Originally published on Domino Spot, a collection of step-by-step guides to help freelancer’s get stuff done.
Whether it’s because you’re a new freelancer, or you’ve just hit a dry-spell in your business, we’ve all found ourselves looking for more clients and not being sure how to get them. The result of that is often freelancers aimlessly wandering around the internet, pitching their services aimlessly and without purpose. Don’t do that.
Instead, here’s a systematic checklist of ways to get more work ASAP—even when you currently don’t have any on the horizon.

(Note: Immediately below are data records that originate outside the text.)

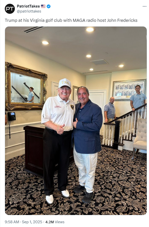 最后连Fredricks本人今天上午都跑来澄清:“照片是我妻子8月31日下午4点在斯特林的川普国家高尔夫俱乐部拍摄的,特勤局当时同意拍照。”
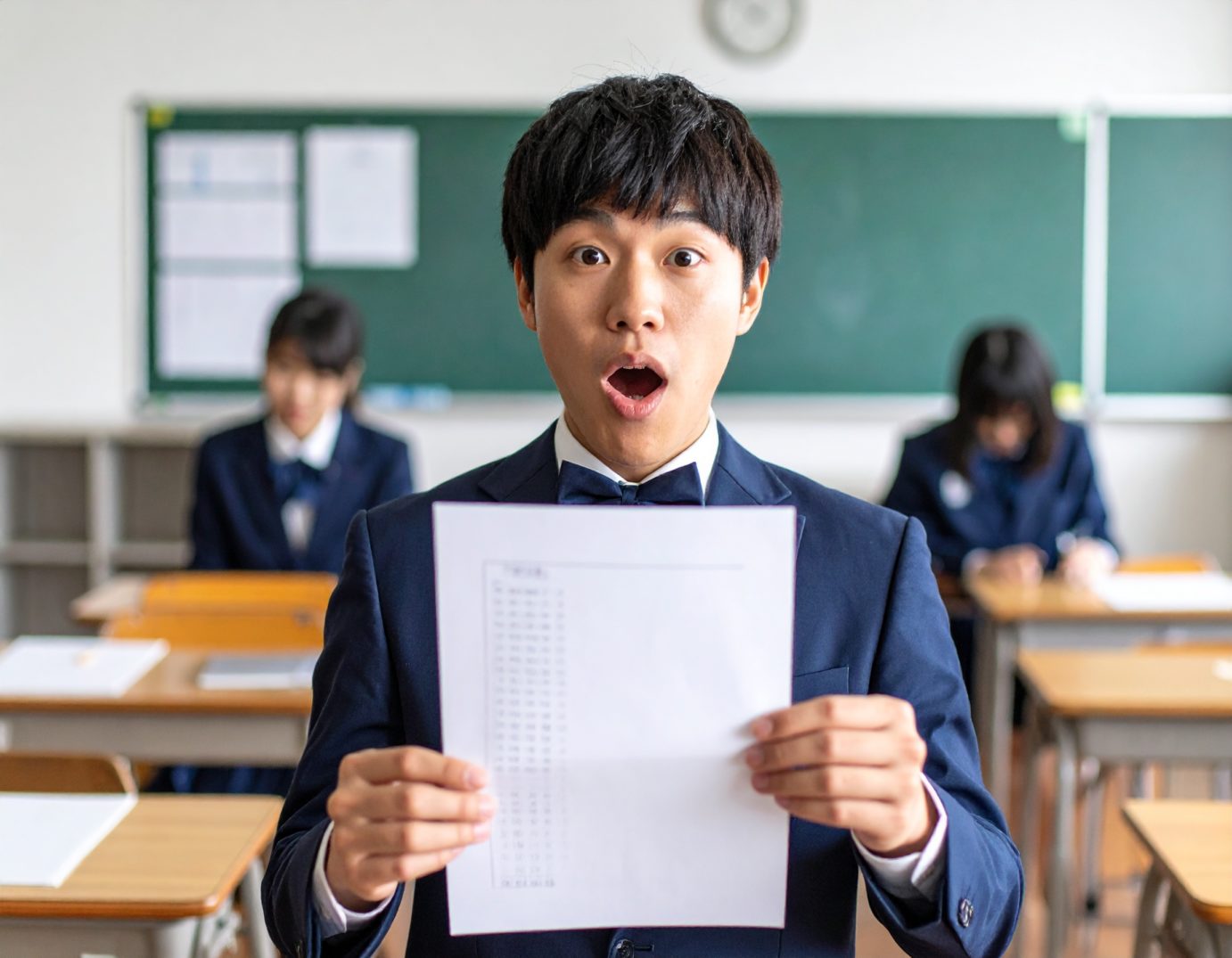 テスト用紙を手に、思わず驚いた表情を見せる男子学生を描いたAI生成イメージです。意外な結果やサプライズな出来事をリアルに表現。教育・受験・学校生活・成績発表などのシーンにぴったりの素材です。記事や広告、SNS投稿にも活用できます。
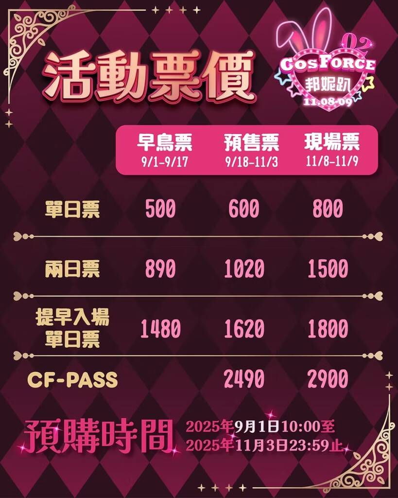 預售票 | CF-PASS | 2,490元 | 9月18日~11月3日 |
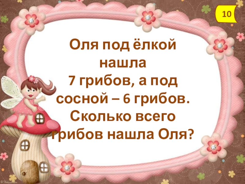 Оля под ёлкой нашла 7 грибов, а под сосной – 6 грибов. Сколько всего грибов нашла Оля?10
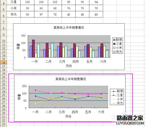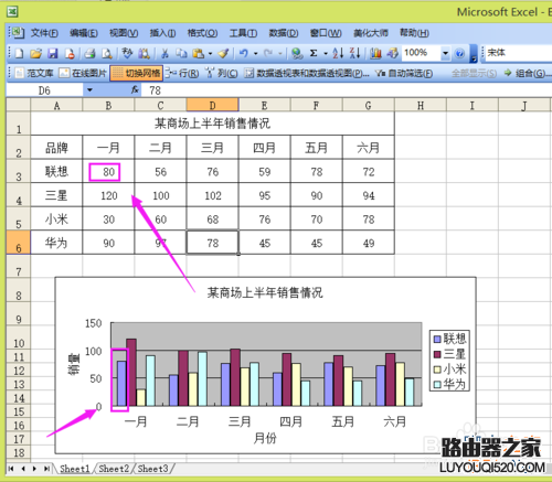 5、表格中數(shù)據(jù)的更改,圖表也隨之更改。我們可以試一下,把聯(lián)想一月份的銷量改為80,來看一下,圖表也隨之改成了80。這說明,圖表和表格之間是完全對應的。
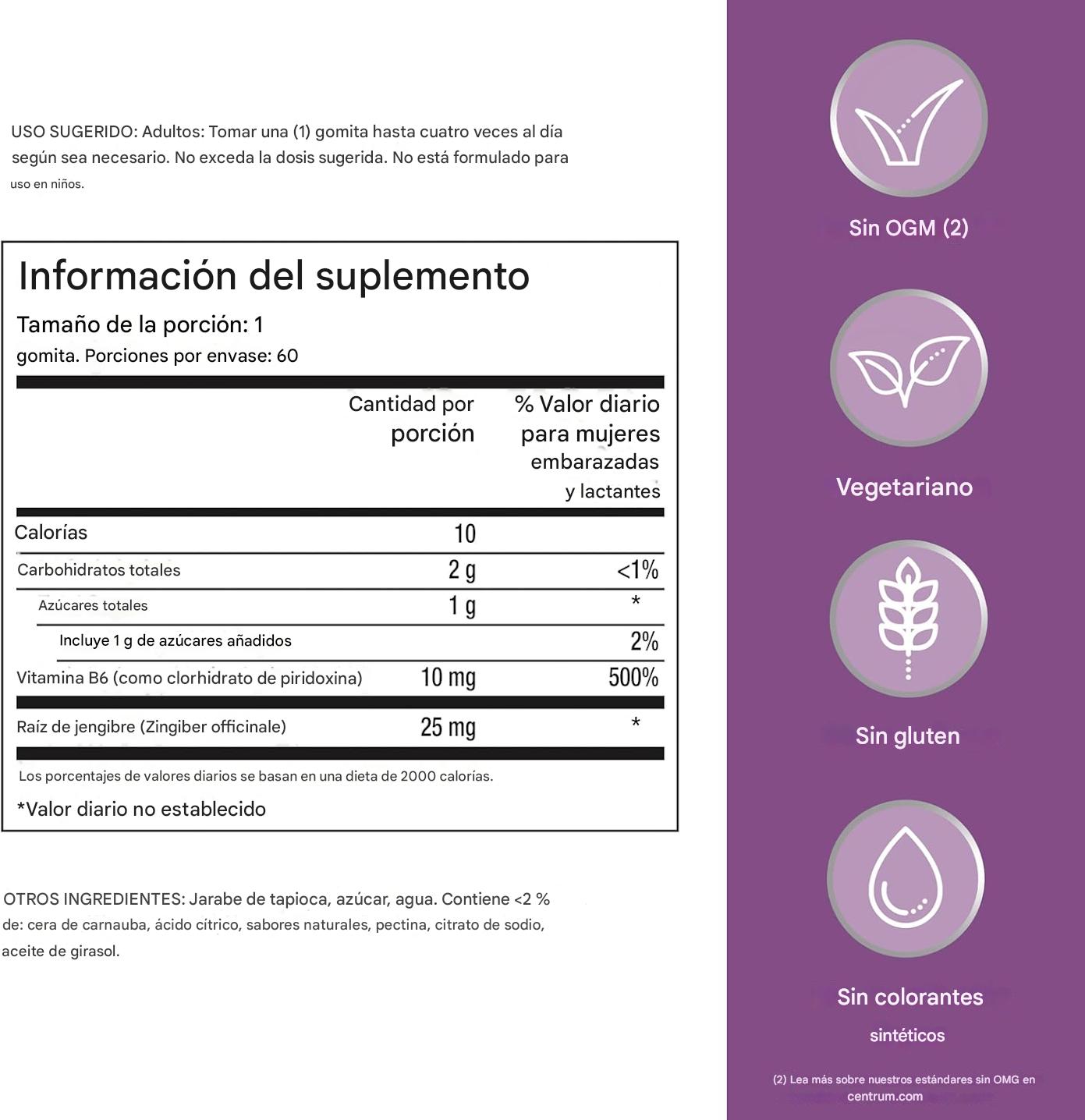 Cada una de estas gomitas Centrum ofrece ingredientes de alta calidad sin jarabe de maíz de alta fructosa, tintes sintéticos o sabores artificiales o edulcorantes. Mastica hasta cuatro gomitas diarias para ayudar a aliviar las náuseas matutinas ocasionales.

Step 1: Previous client follow up.

Email every single person that has bought something from you, worked from you in the past, or expressed interest in working with you in the past, and give them an update on what kind of packages are available from you at this time. You’d be surprised how often this will result in more work, especially if y’all had a really good rapport the first time around.
If you don’t already have client follow up systems in place, a good time to set them up is after you’re out of this immediate crunch. You can actually start working on it now, if your time that isn’t spent pitching yourself isn’t already full with client work.

Step 2: Make it easy for you to find gigs, and start pitching them.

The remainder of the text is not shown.